Hogan's Fermilab Experiment for Digital Space-Time

An article on the physicist's experiment to determine if space has 'quantum jitters' as a basic characteristic is the lead in the February Scientific American. It’s a good low-cost experiment using lasers and interferometers finely tuned that might find it space-time itself is more holographic and uncertain itself.

The idea that mass confined to within a Plank length must be single applies evidently to black holes. All that mass within a logical destination in the form of a particular wave function seems improbable enough, yet with a non-deterministic brane containing the mass, who would ever observe it anyway to determine location or speed?

http://en.wikipedia.org/wiki/Interferometry

The article written by Michael Moyer describes the holographic principle and explains something of the concept of the Universe as a two-dimensional sheet with information on it providing the 3-dimensional appearance. Evidently the way information is conserved going in to black holes is important (Stephen Hawking worked on it). One would think that there is some kind of theoretical limit upon how much information (mass) can go into a black hole and how small it might be.

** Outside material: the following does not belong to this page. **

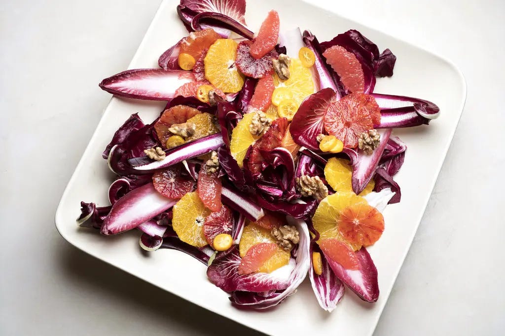 Chicory hearts, stripped and bittered, served with blood oranges, walnuts, Bleu d’Auvergne, and a sherry vinaigrette.

http://www.bottomlayer.com/bottom/DPandMe.html The digital universe with a philosophical perspective on religion

Some of those problems might be obviated by the faster than light instantaneous all possible places (worldlines) of the quantum world. Perhaps information at black holes if condensed to a Planck scale (the smallest size imaginable quantitatively) becomes potential information redistributed to the quantum field outside solid-state space after warping space-time locally to the maximum degree. Does some of that information leak out anywhere as virtual particles or space-time expansion?

http://www.scientificamerican.com/article.cfm?id=is-space-digital

Hogan's experiment to see if space is digital with quantum foamy jitters (what field would connect the discrete bits of space-time) is a practical way to look into small scale physics that would require a vastly larger particle smasher than is likely to be built this millennium (although one never knows for sure what might be constructed in the future).

http://en.wikipedia.org/wiki/Digital_physics

One might enjoy an annual box score of the year's good physics experiments for the benefit of the reading public interested in those event-processes and the results.